This would actually not be a good choice for the + operator. This implementation has the effect of mutating both stacks and producing no output. Typically, for expressions, we would expect some value to arise from evaluation and for the operands to remain untouched. However, Python will still let us go ahead with this if we so wished.

Modeling with classes

In addition to using classes to define new data structures, we can also use classes to model systems. For instance, if we return to our Student class, we can imagine that we might want to add additional information, like which classes a student may be taking.


    class Student:
        """
        Represents a University of Chicago student.
        """
        def __init__(self, name, ucid, cnetid):
            """
            Inputs:
                name (str): Full name of student
                ucid (int): UCID number
                cnetid (str): CNetID
            """
            self.name = name
            self.institution = 'University of Chicago'
            self.id_number = ucid
            self.email = cnetid + '@uchicago.edu'
            self.courses = []
            self.credits = 0

        def get_cnetid(self):
            """
            Retrieves the CNetID of the student based on their email

            Output (str): the CNetID
            """
            cnetid = self.email.removesuffix('@uchicago.edu')
            return cnetid

        def __repr__(self):
            return f"Student({self.name}, {self,ucid}, {self.get_cnetid()}, {self.courses}, {self.credits})"

A quick and dirty implementation would simply have us adding the courses to a student as strings. However, courses themselves have information associated with them and students have restrictions on which courses they can take. We may want to model this sort of information.


    class Course:
        """
        A course listing
        """
        def __init__(self, name, number, department, units):
            """
            Inputs:
                name (str): course title
                number (int): course number
                department (str): home department for course
                instructor (str): instructor name
                units (int): number of units
            """
            self.__name = name
            self.__number = number
            self.__department = department
            self.__units = units

        def units(self):
            """
            Retrieves the number of units for the course

            Output (int): units
            """
            return self.__units

        def __repr__(self):
            return f"Course({self.__name}, {self.__number}, {self.__department}, {self.__units})"

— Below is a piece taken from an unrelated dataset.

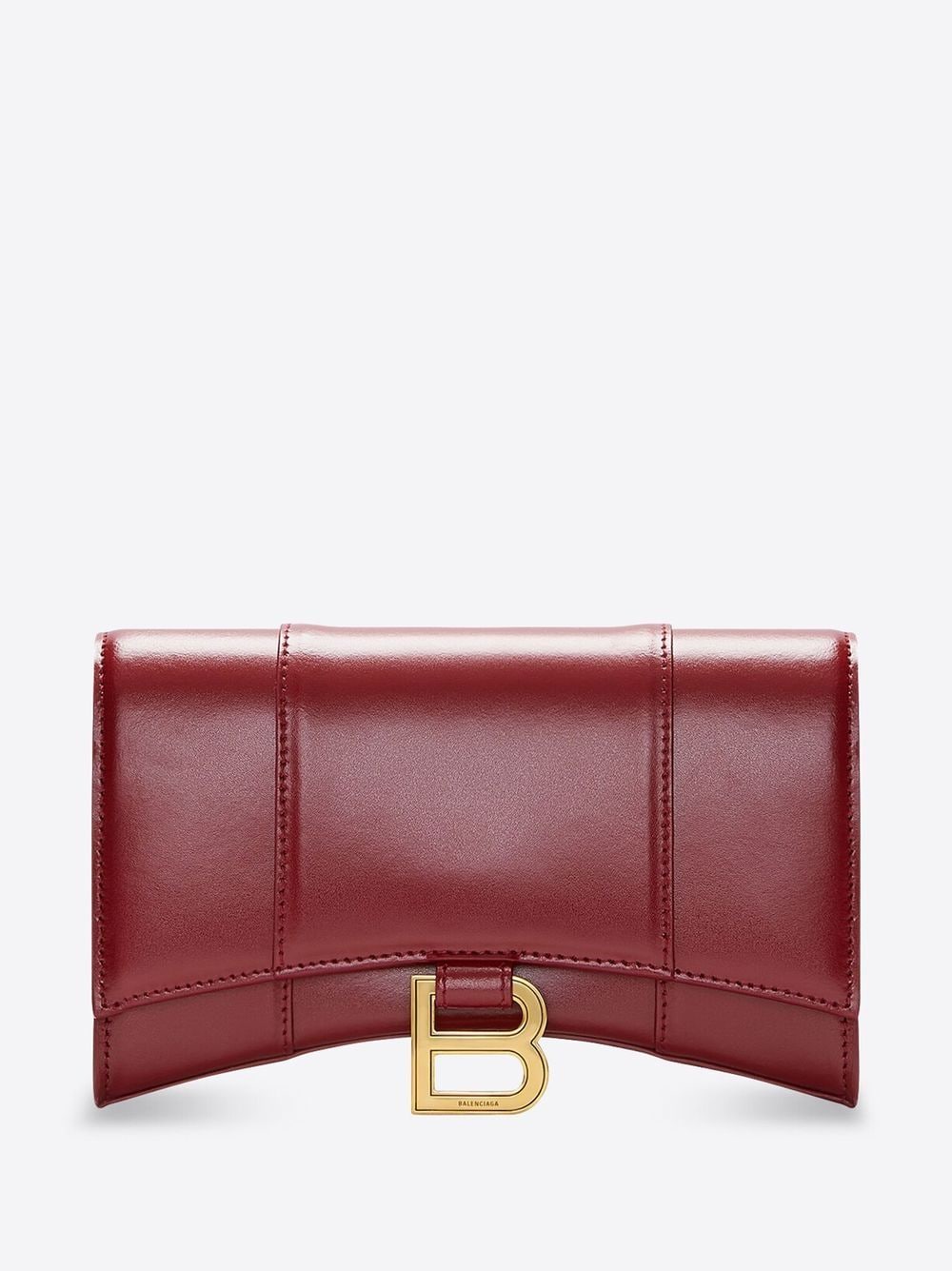 In honour of Valentine’s Day ’22, Balenciaga presents a capsule collection of pieces that subtly reference the holiday of love. The brand’s iconic Hourglass bag is realised in a sensual, lipstick-red hue and features the signature ‘B’ logo charm in a gold-tone finish. A detachable chain-link shoulder strap completes the design.

A simple restriction on courses that a student can take is the number of credits/units they are taking. We don't let students take more than four courses at a time without permission, which is typically 400 units. So we can add that as a property to check whenever we try to add a course to a student.

Luckily, this is information that is contained in our definition of a course. However, the course is designed so that its attributes are not accessible. This means that we need to provide a way to access this information. In our case, we provide an explicit method for doing so.

It may seem like a waste to go through all of this trouble simply to produce the value of an attribute. However, this can be a desirable property. For instance, allowing access to the attribute would also mean allowing a user to reassign the attribute, which may not be something we want to allow.

In general, using methods to control access to attributes also gives us a way to control how these items are accessed. The course enrollment issue is an example of how we can allow controlled mutation: only add a course if the student hasn't exceeded the number of credits allowed:


    def enroll(self, course):
        units = course.units()
        assert self.credits + units <= 400, "Can't enroll in more than 400 units"

        self.courses.append(course)
        self.credits += units